• [THE PROBLEM] From the first line to the last, restate the material word for word; pictures stay out.

=== GIVEN MATERIAL ===

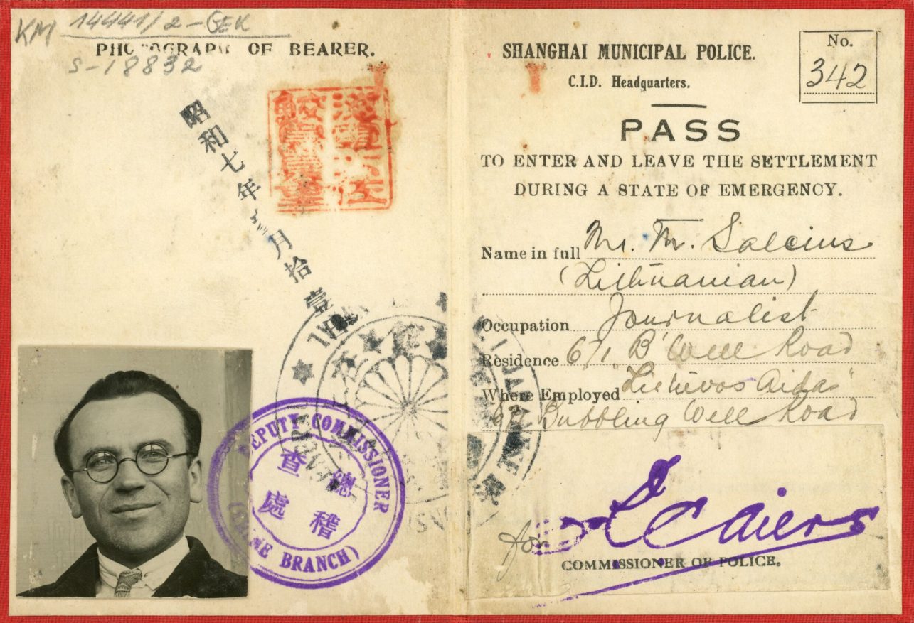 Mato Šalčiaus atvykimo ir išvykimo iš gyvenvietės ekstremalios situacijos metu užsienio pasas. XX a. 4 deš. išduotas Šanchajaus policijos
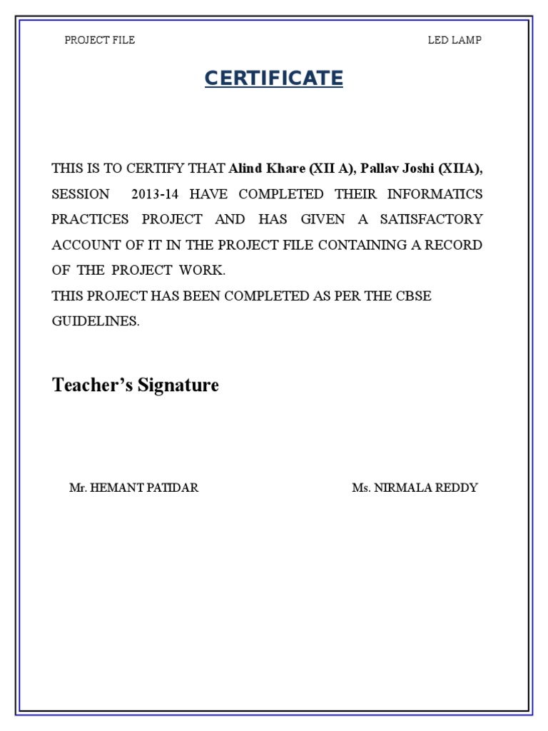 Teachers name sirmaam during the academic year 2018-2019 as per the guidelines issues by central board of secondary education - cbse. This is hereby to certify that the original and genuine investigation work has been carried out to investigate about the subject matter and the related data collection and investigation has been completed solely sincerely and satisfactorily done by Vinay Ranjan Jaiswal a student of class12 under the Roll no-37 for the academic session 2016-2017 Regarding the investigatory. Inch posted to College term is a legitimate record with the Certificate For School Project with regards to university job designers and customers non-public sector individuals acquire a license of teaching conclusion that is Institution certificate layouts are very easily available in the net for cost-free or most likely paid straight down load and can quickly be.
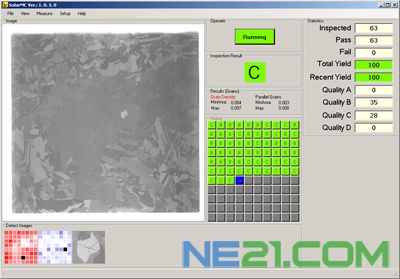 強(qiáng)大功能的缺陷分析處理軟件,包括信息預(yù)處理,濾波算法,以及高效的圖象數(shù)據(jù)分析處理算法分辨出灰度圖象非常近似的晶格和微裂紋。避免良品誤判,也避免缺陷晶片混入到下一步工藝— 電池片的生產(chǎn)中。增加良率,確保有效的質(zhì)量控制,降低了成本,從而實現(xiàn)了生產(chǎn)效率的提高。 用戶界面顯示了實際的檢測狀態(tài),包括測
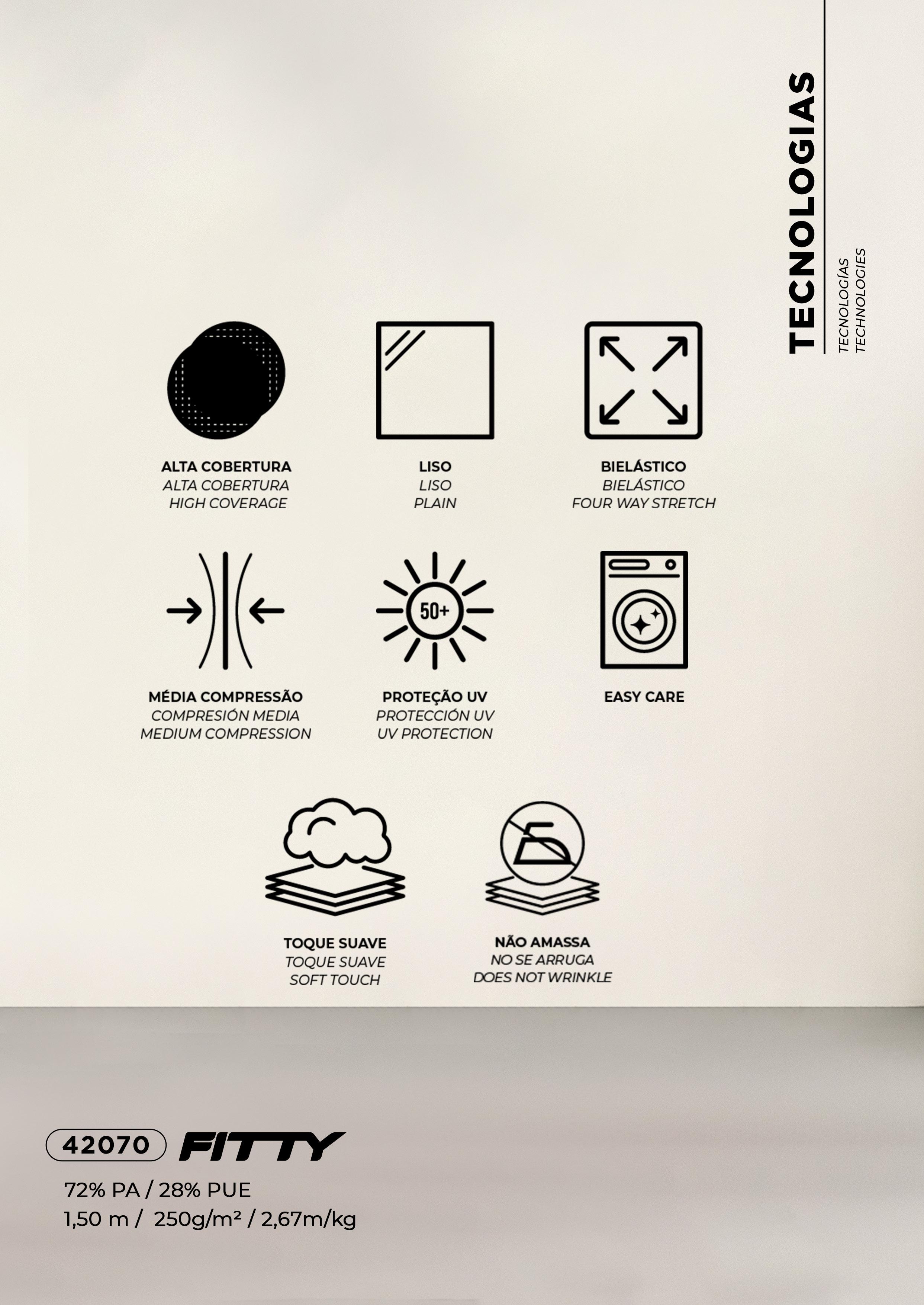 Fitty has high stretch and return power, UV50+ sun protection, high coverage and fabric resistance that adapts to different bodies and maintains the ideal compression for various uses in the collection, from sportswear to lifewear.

===

• [OUTPUT BELOW]
 Mato Šalčiaus atvykimo ir išvykimo iš gyvenvietės ekstremalios situacijos metu užsienio pasas. XX a. 4 deš. išduotas Šanchajaus policijos
 Teachers name sirmaam during the academic year 2018-2019 as per the guidelines issues by central board of secondary education - cbse. This is hereby to certify that the original and genuine investigation work has been carried out to investigate about the subject matter and the related data collection and investigation has been completed solely sincerely and satisfactorily done by Vinay Ranjan Jaiswal a student of class12 under the Roll no-37 for the academic session 2016-2017 Regarding the investigatory. Inch posted to College term is a legitimate record with the Certificate For School Project with regards to university job designers and customers non-public sector individuals acquire a license of teaching conclusion that is Institution certificate layouts are very easily available in the net for cost-free or most likely paid straight down load and can quickly be.
 強(qiáng)大功能的缺陷分析處理軟件,包括信息預(yù)處理,濾波算法,以及高效的圖象數(shù)據(jù)分析處理算法分辨出灰度圖象非常近似的晶格和微裂紋。避免良品誤判,也避免缺陷晶片混入到下一步工藝— 電池片的生產(chǎn)中。增加良率,確保有效的質(zhì)量控制,降低了成本,從而實現(xiàn)了生產(chǎn)效率的提高。 用戶界面顯示了實際的檢測狀態(tài),包括測
 Fitty has high stretch and return power, UV50+ sun protection, high coverage and fabric resistance that adapts to different bodies and maintains the ideal compression for various uses in the collection, from sportswear to lifewear.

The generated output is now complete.